-- The records --
[Start of Attachment]
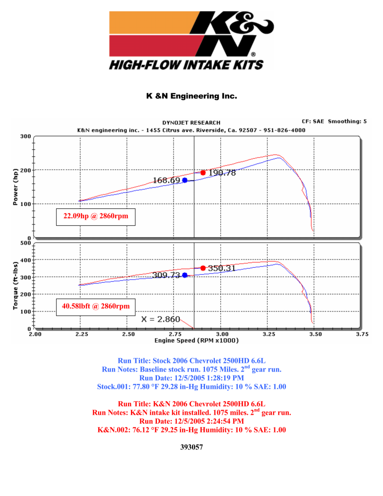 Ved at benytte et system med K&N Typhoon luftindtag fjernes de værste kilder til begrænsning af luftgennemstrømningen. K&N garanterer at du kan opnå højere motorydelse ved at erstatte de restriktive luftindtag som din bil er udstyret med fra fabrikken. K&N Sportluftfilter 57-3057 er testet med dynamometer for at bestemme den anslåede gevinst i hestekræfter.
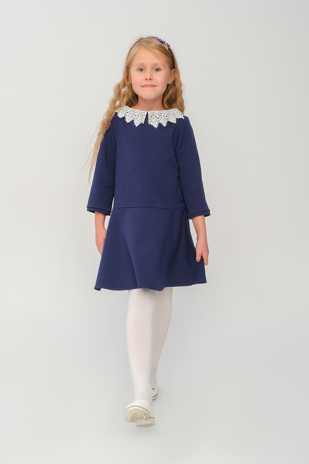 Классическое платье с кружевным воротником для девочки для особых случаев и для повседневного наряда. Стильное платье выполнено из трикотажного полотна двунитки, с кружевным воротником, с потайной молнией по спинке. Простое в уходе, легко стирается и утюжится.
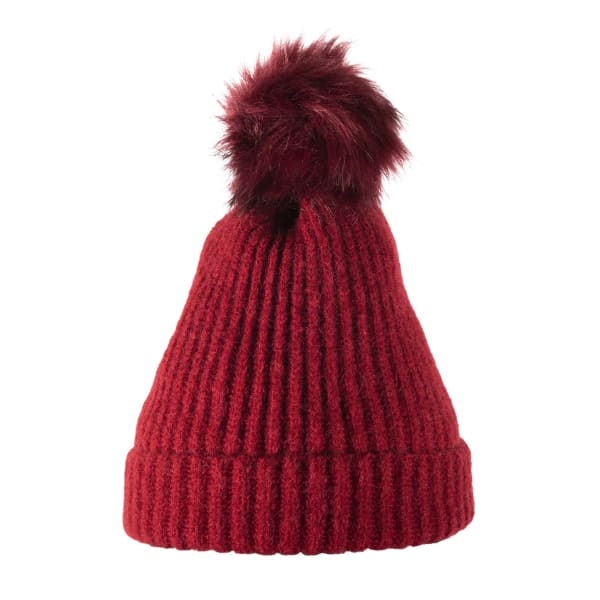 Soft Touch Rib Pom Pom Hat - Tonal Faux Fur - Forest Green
[End of Attachment]
[Start of Attachment]
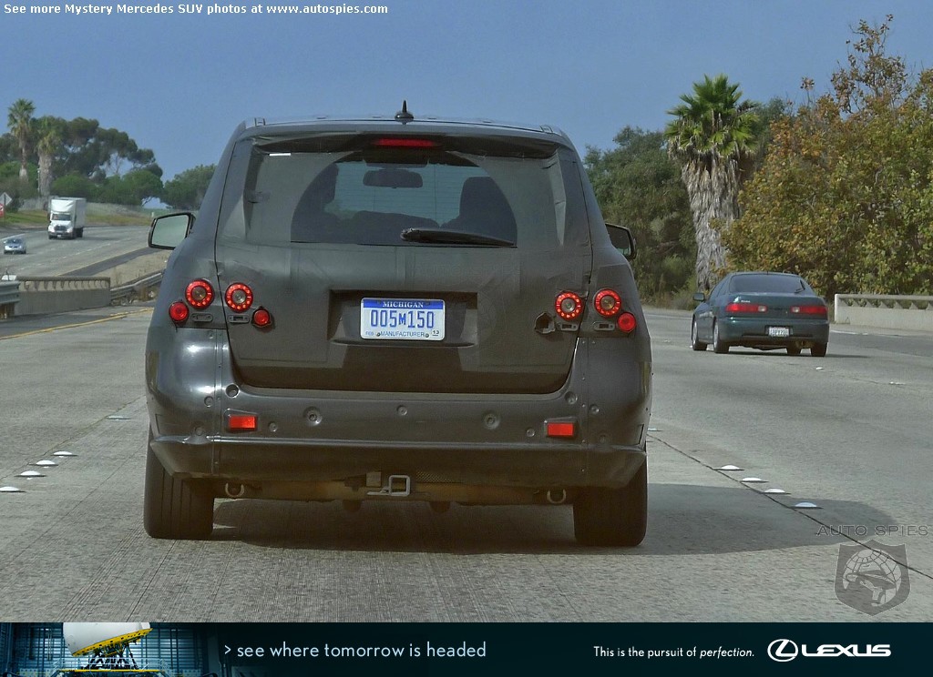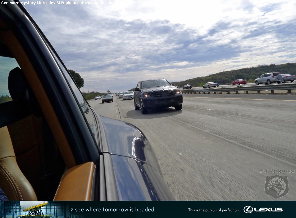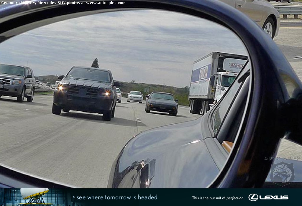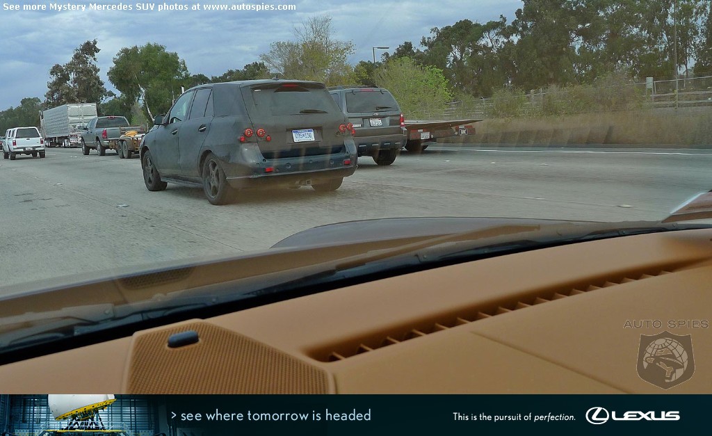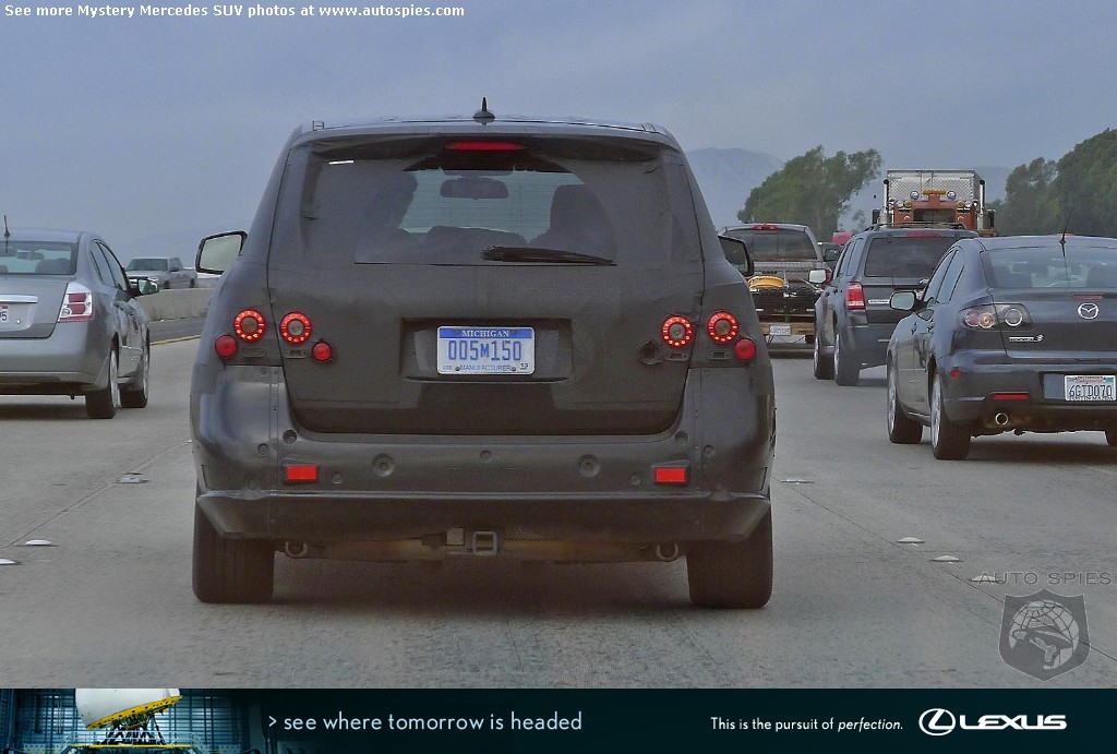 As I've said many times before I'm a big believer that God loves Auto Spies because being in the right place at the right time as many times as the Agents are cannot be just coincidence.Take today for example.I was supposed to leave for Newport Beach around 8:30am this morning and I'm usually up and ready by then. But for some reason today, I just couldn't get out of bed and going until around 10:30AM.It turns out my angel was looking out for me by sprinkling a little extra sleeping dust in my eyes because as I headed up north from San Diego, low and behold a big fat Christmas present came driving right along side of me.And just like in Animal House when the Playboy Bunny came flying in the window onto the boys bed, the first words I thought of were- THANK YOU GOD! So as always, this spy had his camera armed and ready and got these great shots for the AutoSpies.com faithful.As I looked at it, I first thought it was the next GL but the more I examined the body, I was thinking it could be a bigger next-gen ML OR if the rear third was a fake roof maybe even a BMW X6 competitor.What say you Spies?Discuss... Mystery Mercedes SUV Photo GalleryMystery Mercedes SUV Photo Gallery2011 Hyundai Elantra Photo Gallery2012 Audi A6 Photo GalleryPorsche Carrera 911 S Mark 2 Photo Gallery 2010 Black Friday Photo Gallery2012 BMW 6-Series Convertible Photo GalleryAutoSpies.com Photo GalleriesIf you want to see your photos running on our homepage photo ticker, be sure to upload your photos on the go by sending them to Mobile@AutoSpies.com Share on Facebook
[End of Attachment]
-- The task --
Taking the records above, print only and exactly the lines from the line with "Ved at benytte" to the line with "Soft Touch Rib", both kept, and exclude pictures.

-- Answer to the exercise --
 Ved at benytte et system med K&N Typhoon luftindtag fjernes de værste kilder til begrænsning af luftgennemstrømningen. K&N garanterer at du kan opnå højere motorydelse ved at erstatte de restriktive luftindtag som din bil er udstyret med fra fabrikken. K&N Sportluftfilter 57-3057 er testet med dynamometer for at bestemme den anslåede gevinst i hestekræfter.
 Классическое платье с кружевным воротником для девочки для особых случаев и для повседневного наряда. Стильное платье выполнено из трикотажного полотна двунитки, с кружевным воротником, с потайной молнией по спинке. Простое в уходе, легко стирается и утюжится.
 Soft Touch Rib Pom Pom Hat - Tonal Faux Fur - Forest Green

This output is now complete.